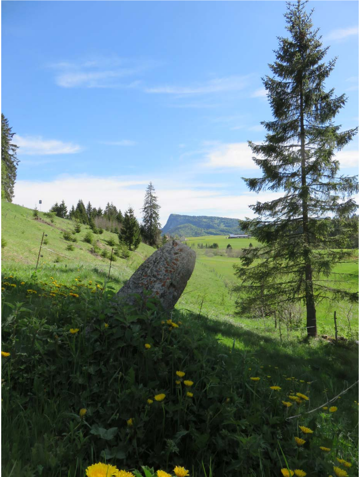
La dernière borne encore intacte du vieux chemin des Essertex.
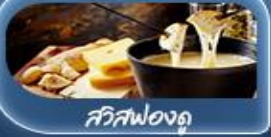
สวิสฟองดู
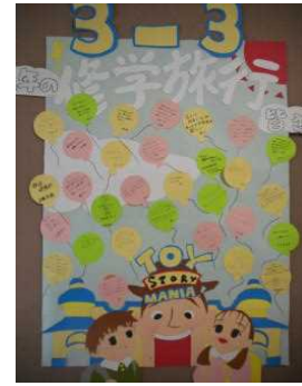
▲ 3年3組の作品は修学旅行がテーマです。
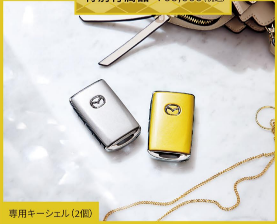
専用キーシェル(2個)

※360°ビュー・モニターは、ドライバーの安全運転を前提としたシステムであり、事故被害や運転負荷の軽減を目的としています。したがって、各機能には限界がありますので過信せず、安全運転を心がけてください。
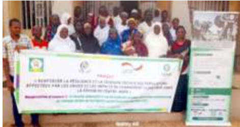
Photo de familles des participants de la session 2 de la formation en techniques d'aviculture, à Kaya
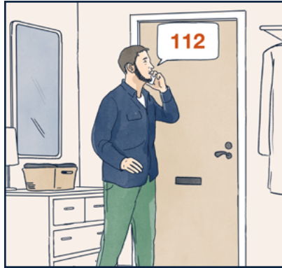
احرص على ان يبقى باب الشقة مغلقاً. اتصل بالرقم ١١٢ وأبلغ عن الحريق.
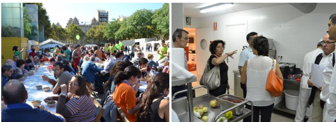
Figura 2. Programa per a la recuperació d'aliments frescos per a persones sense recursos econòmics a Reus (I/II).

Els menjadors socials cuinen aquests aliments frescos, que juntament amb els aliments cuinats i congelats procedents dels càterings, són servits presencialment al propi menjador o entregats en format menú carmanyoles a famílies que ho necessiten, segons el criteri dels tècnics de Serveis Socials de l'Ajuntament de Reus i de Càritas. Gràcies a aquest programa, bona part dels aliments de les superfícies comercials que acabaven esdevenint un residu, ara es recuperen per donar-los una nova oportunitat.
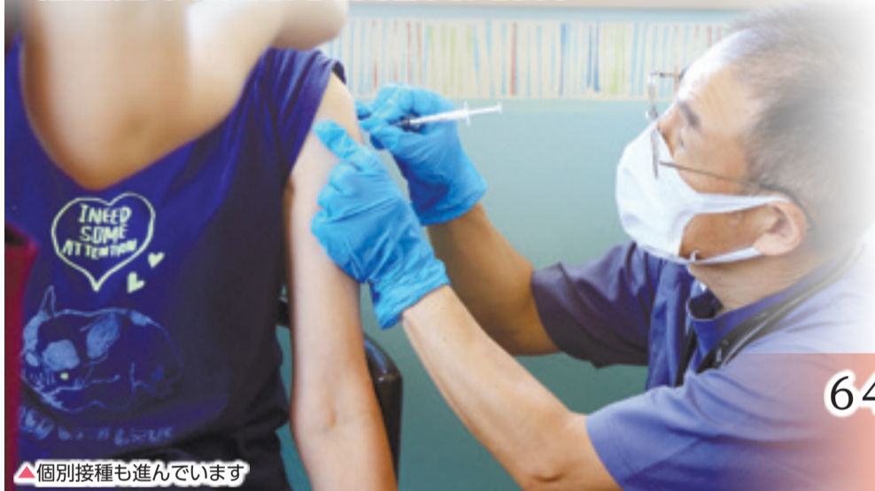
▲個別接種も進んでいます

8月2日からは一般の64歳以下の方もかかりつけ医で個別接種を受けています。8月22日(日)からは、市内3市民センターを会場とした集団接種もスタート。市内の中学生についても保護者とともに個別または集団で接種を行うことができます。国のワクチン配給量が不透明のため、34歳以下については接種予約を現在停止(変更の場合あり)していますが、国や県への要望を続け、市全体の接種完了時期に遅れがなく、早めていけるよう務めていきます。
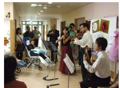
特別養護老人ホーム「椿寿」での演奏会 (岩間市民プラザ)
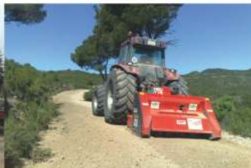
Rectificació de camins
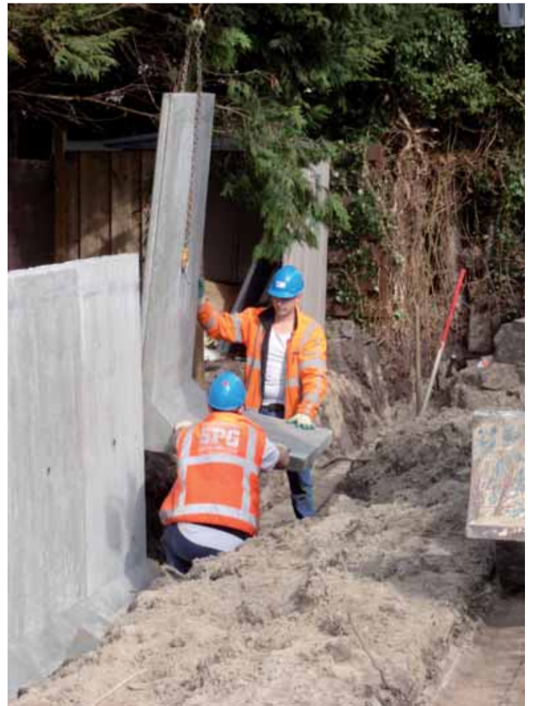
Leerlingen SPG plaatsen erfafscheiding schoolplein Bello.

Wijkvereniging 'Op de Rails' heeft een belangrijke rol gespeeld bij de herinrichting van het schoolplein. Eerst bij de bouw van een nieuwe gymzaal op het terrein en nu bij de aanleg van het nieuwe plein. Een plein dat niet alleen voor Bello van grote betekenis is, maar ook voor de Spoorbuurt. De leerlingen en ouders van de school en de bewoners van de Spoorbuurt hebben allen inspraak gehad bij het ontwerp van het plein. Dit vergroot de verantwoordelijkheid voor het beheer ervan. Vanaf eind juni is het schoolplein helemaal klaar en kunnen de Bello-leerlingen en kinderen uit de buurt hier spelen. De samenwerking tussen gemeente, opleidingsbedrijven, Bello en de wijkvereniging maken dit project bijzonder en op alle fronten succesvol.
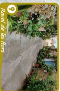
9 Ravall de les flors
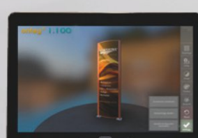
Frontflächengrafik auswählen (Bild aufnehmen oder aus Verzeichnis wählen) und anzeigen lassen
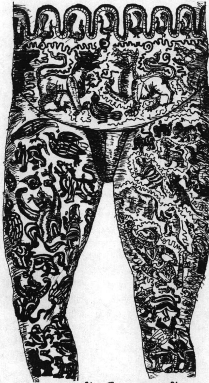
การสักหมึกของชายล้านนา
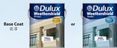
Base Coat 底漆

Untuk mendapatkan kesempurnaan hasil mengecat, guna Dulux Weathershield dengan teknologi Colourlock, bersama dengan Dulux Weathershield Primer atau Dulux Weathershield Sealer. Dengan kombinasi ini, ianya dapat memberi perlindungan selama 5 tahun terhadap pertumbuhan kulat dan alga.
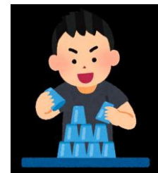
スポーツスタッキング
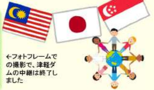
←フォトフレームでの撮影で、津軽ダムの中継は終了しました
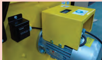
Puissance 2,2 kWh
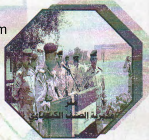
مديرية الصنف الكيميائي
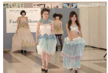
桐生大学「駅なかファッションショー」
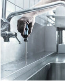
L'inox se visse avec de l'inox !
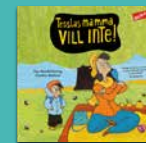
Tesslas mamma vill inte!
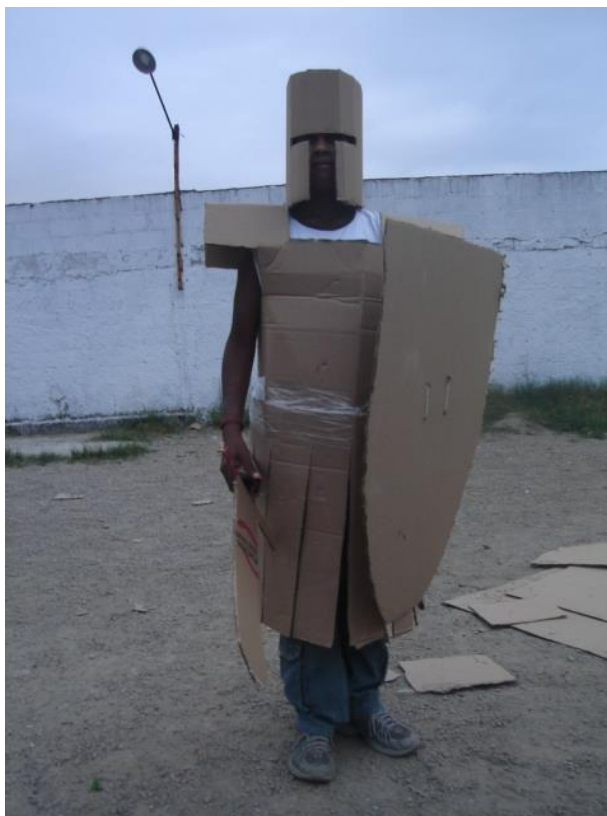
Imagem 2: Jogo de representação.

Independente da particularidade de cada tipo de jogo que se pode utilizar como recurso no ensino de História nas escolas, todos eles contam, antes de qualquer outra coisa, com o apelo à ludicidade em si, o que foi discutido no capítulo anterior. No próximo capítulo, apresento o produto dessa dissertação, resultado de todos esses anos de atividades lúdicas em minha carreira e produzido com base nas reflexões sobre o jogo (de modo geral) apresentadas anteriormente e em bases teóricas específicas da História, que serão discutidas adiante.
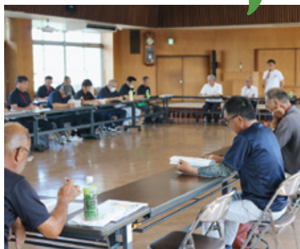
協議を行う部会代表者
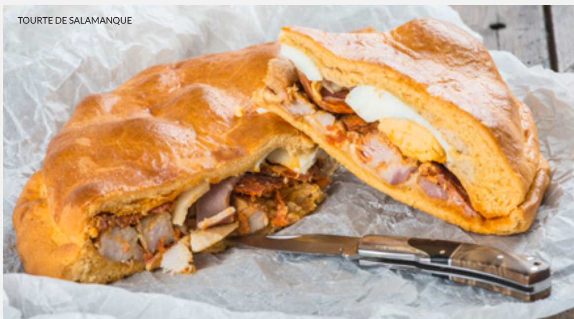
TOURTE DE SALAMANQUE

Ne quittez pas San Cristóbal de la Laguna sans avoir goûté les bananes des Canaries et l'immense variété de fruits tropicaux des îles.
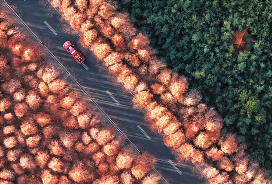
▼日照海滨国家森林公园的水杉林被夕阳映照出暖色的光影。
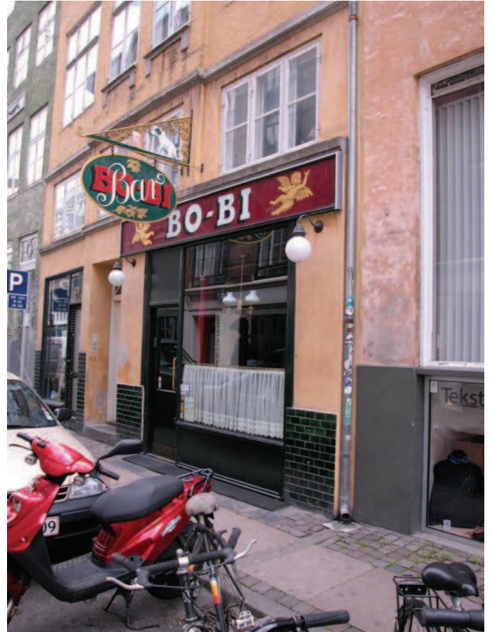
Skiltningen formidler på en enkel måde, hvad der forhandles, samt butikkens navn på en måde som er fint tilpasset kvarterets arkitektur.

Det er afgørende for en god skiltning, at forbrugeren ikke forvirres af for mange informationer. Skiltningen skal derfor være enkel, klar og tydeligt formidle, hvad der forhandles. Skiltningen må gerne være fantasifuld og af høj kvalitet, hvad angår design og udførelse.
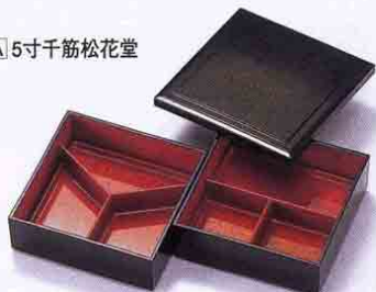
59113-56 1,600円 255659113 A 5寸千筋松花堂内朱 (仕切付) (155×155×54mm) 59114-56 2,550円 255659114 A 5寸千筋松花堂内朱 (仕切付) (155×155×100mm) 59115-56 650円 255659115 A T仕切朱 59116-56 650円 255659116 A Y仕切朱
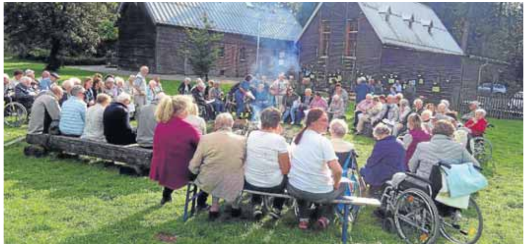
Rund 80 Menschen waren der Einladung der Seniorenbeauftragten und der Stadt gefolgt.

Weitere Informationen über das IKEK mit den Projektideen und den Ortsteilprofilen erhalten Interessierte auf der Homepage der Stadt Netphen unter www.netphen.de/IKEK .
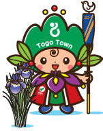
東郷町イメージキャラクター トッピー
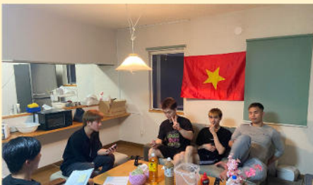
名寄工場様宿舎巡回の様子。メロンの差し入れを行い、その場で切り分けて食べていた。
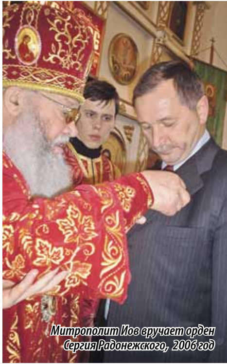
Митрополит Иос вручает орден Сергия Радонежского, 2006 год
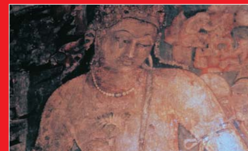
阿旃陀石窟寺院壁画（印度）
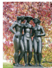
VOLTI "Les 3 Grâces" Bronze - 1967
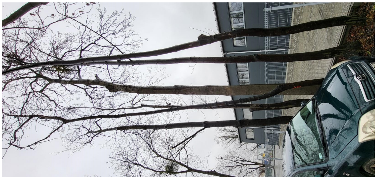
Dokumentacja fotograficzna drzewa nr 5
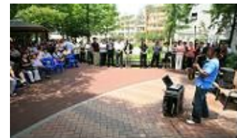
[일상의 여유 'Art in 영등포 거리 공연]
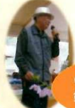
のど自慢大会 鐘は3つ～♪
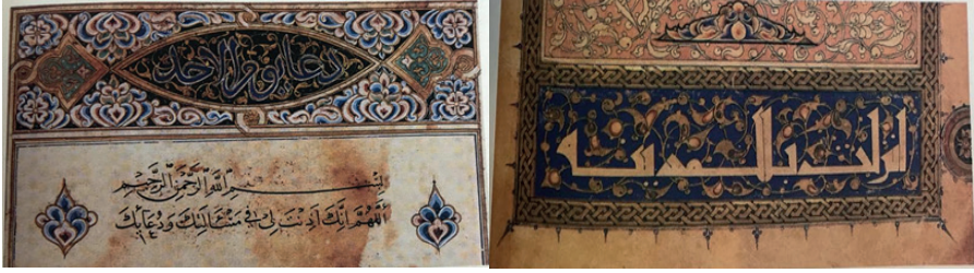
Fotoğraf 3: Selçuklu Dönemi Fasilbaşı ve Beylikler Dönemi Kur'an Zabihesi Detay.

Selçuklu, Mısır Memlûkleri ve Beylikler dönemi tezhibi motif, kompozisyon ve renk özellikleri bakımından birbiriyle benzerlik gösterir. 18 Bu dönemde ortaya çıkan tezyini anlayış daha sonra, klasik Osmanlı tezhip sanatına geçiş için bir hazırlık dönemi olmuştur 19 . XIV. Yüzyıl tezyini eserlerde, geometrik motifler, çok kollu yıldızlar, rûmi, münhani ve bitkisel motifler kompozisyonlarda kullanılmıştır. Hatta münhani motifi ve zencerekle adeta devrin sembolü olmuştur. Beylikler döneminde kullanılan renkler kızıl kahve, siyah, açık lacivert, kırık beyaz ve pembedir 20 .
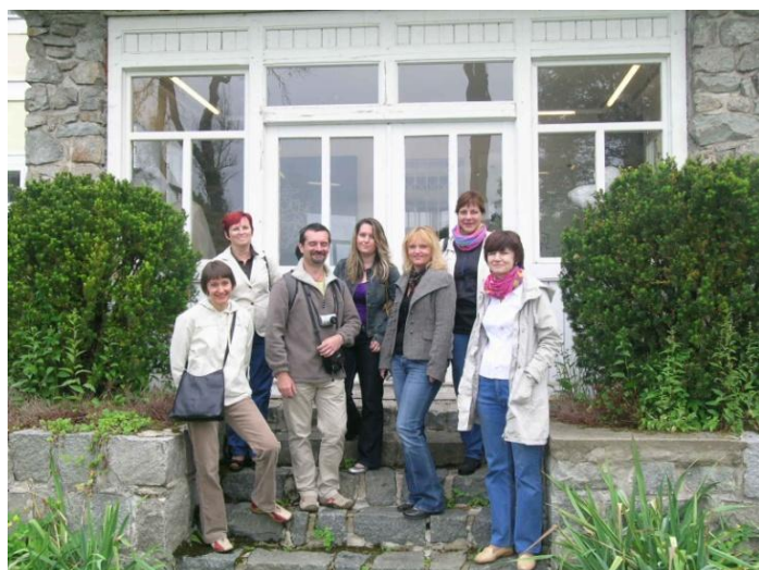
Účastníci zájezdu 📖

[YOUR TASK]:
Every line in the records that holds the word "Stadt" should be copied into the answer.

[SOLUTION TO THIS PROBLEM]:
Rund 80 Menschen waren der Einladung der Seniorenbeauftragten und der Stadt gefolgt.
Weitere Informationen über das IKEK mit den Projektideen und den Ortsteilprofilen erhalten Interessierte auf der Homepage der Stadt Netphen unter www.netphen.de/IKEK .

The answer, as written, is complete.